Individual personality in people is a ‘given,’ but in my world, this clearly applies to wild animals as well. Some may only be known for a few hours, maybe a day, while others have shared their entire lives with those humans willing enough to be patient and observe. Here in Yellowstone this means animals like grizzly bears 264, 211 (aka “Scarface”), “Quad Mom,” and black bear “Roosy”, Bull elk #10, #6, or “Roman”, wolves 21M, 42F, 832 (aka, the “’06 Female”), 113M, 302M, #7F, the sandhill crane “Bent Toe,” and so many other unmarked bison, bighorn sheep, osprey, pronghorn, peregrine falcons, coyotes, bald eagles, etcetera. This is one of the great gifts that Yellowstone offers—a chance to connect with individuals from another species.

George studying elk
Sketching “Godzilla,” from a safe perch atop my vehicle. Photo by Brad Orsted.
bull elk
A good, old friend—Bull #10. We knew him for many years and got to watch him across great swaths of the year from growing his antlers (left) in May to reclining in all his majesty in early September.

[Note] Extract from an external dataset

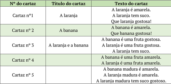 No começo, assim, eles ainda não podiam escrever, eu fui fazendo a escrita devagar. E aí eu pegava aquela história e punha num cartaz assim, escrevia mesmo num cartaz, daí o nome de ‘cartaz de experiência’, porque eles tinham tido a experiência. O cartaz ficava ali muitos dias, no outro dia eles liam no cartaz, daí já era uma leitura no papel, eles liam. Depois desse cartaz da laranja, que ali ficava vários dias, eu dava a banana. Por quê? Porque a banana também é amarela, a banana também é uma fruta, a banana também é gostosa.Então eu tinha algumas palavras que se repetiam, então eu reutilizava, e fazia a mesma coisa, ‘eles pensavam que eram eles que tinham elaborado’, e isso que era o interessante, na verdade eles ajudaram a elaborar (Bittencourt, 2017, grifo nosso).
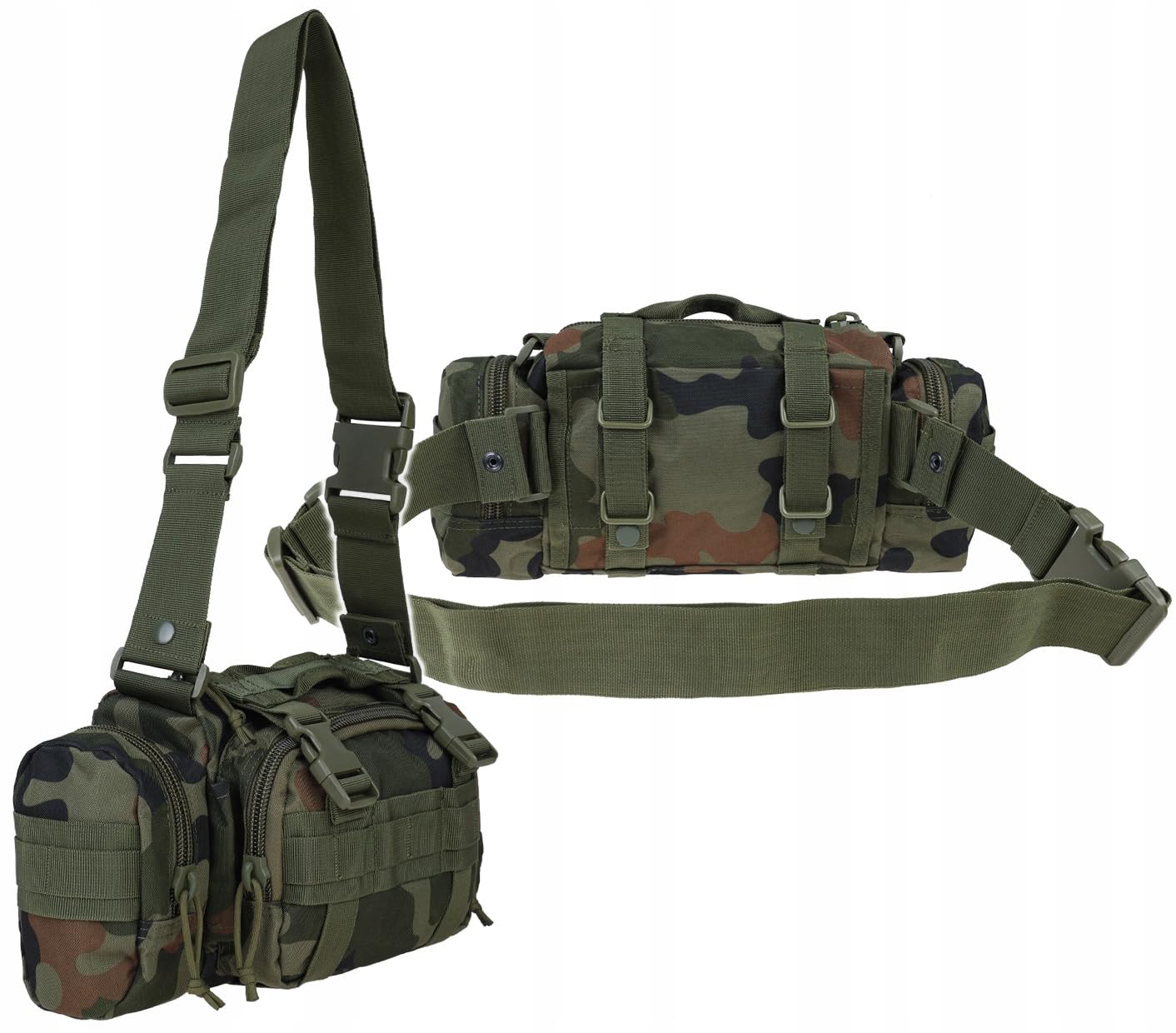 Sacs à dos randonnée,Sac à bandoulière tactique militaire pour hommes, pochette pour caméra d Le sac d'ingénierie multifonction de la marque polonaise Dominator est un modèle moderne avec un système modulaire léger en technologie de découpe laser. Sac Ceinture Hanche Réglable Sac A Dos Bandouliere Tactique Poche Velcro Pour Patch Tour de taille maximum lors de l'utilisation comme rein : 160 cm Cette sacoche versatile peut être portée à la ceinture ou en bandoulière, s'adaptant agilement à vos besoins opérationnels. Dotée d’une conception ambidextre, elle assure une accessibilité fluide, que vous soyez droitier ou gaucher Sac à Bandoulière Tactique Polyvalent 3 en 1 pour Randonnée Chasse... ☑️Fonctionnalité et polyvalence : sac à bandoulière, sacoche de hanche, sacoche de ceinture, gilet ou sac à dos La sangle peut être fixée sur le dessus pour former un sac à bandoulière classique, ou sur le côté, de sorte qu'il est possible d'utiliser le chargeur comme sac banane autonome. ☑️Panneau velcro sur le devant pour attacher des écussons, tels que des écussons de moralité. Poches et ceintures 4 poches refermables indépendantes pour fermetures éclair robustes Poche cachée à l'arrière avec fermeture Velcro double face Large ceinture réglable en longueur avec boucle en plastique et crochets avec fermetures et fermeture Velcro Sa conception robuste, ses solutions fonctionnelles et ses multiples possibilités d'utilisation font que le sac Dominator répond aux attentes des utilisateurs les plus exigeants des utilisateurs militaires et civils. Bande Velcro pour fixer n'importe quel patch, par exemple Moral PatchesRobuste Finition et durabilité

They teach us about the world as seen through their eyes, smelled through their nostrils, heard through their ears and along the way, display their own brand of style, joy, displeasure, compassion, attitude, loyalty, fortitude, charm, bravery… and in turn, come to give us insights about our own lives.
"Scarface" grizzly bear sculpture
“Scarface” was a famous grizzly bear that roamed the Yellowstone Ecosystem far and wide for 25 years. Some believed him to have teleportation powers as he seemed be able to be in one corner of the Park one day and then in a completely different one the next. He regularly criss-crossed the roads and lent himself to many a photograph. Like other ‘regulars’ and residents, I knew “Scarface” well and hardly needed to see his facial scar or ‘lop-ear’ to recognize this old friend. These small models done of him are tributes to his “Veteran Traveler” status (left) and his seeming thoughtful and complicit mingling with the public in “Lamar Contemplation” (right).
I think Henry Beston stated it well when he wrote: “We need another and a wiser and perhaps a more mystical concept of animals. Remote from universal nature, and living by complicated artifice, man in civilization surveys the creature through the glass of his knowledge and sees thereby a feather magnified and the whole image in distortion. We patronize them for their incompleteness, for their tragic fate of having taken form so far below ourselves. And therein we err, and greatly err. For the animal shall not be measured by man. In a world older and more complete than ours they move finished and complete, gifted with extensions of the senses we have lost or never attained, living by voices we shall never hear. They are not brethren, they are not underlings; they are other nations, caught with ourselves in the net of life and time, fellow prisoners of the splendour and travail of the earth.” 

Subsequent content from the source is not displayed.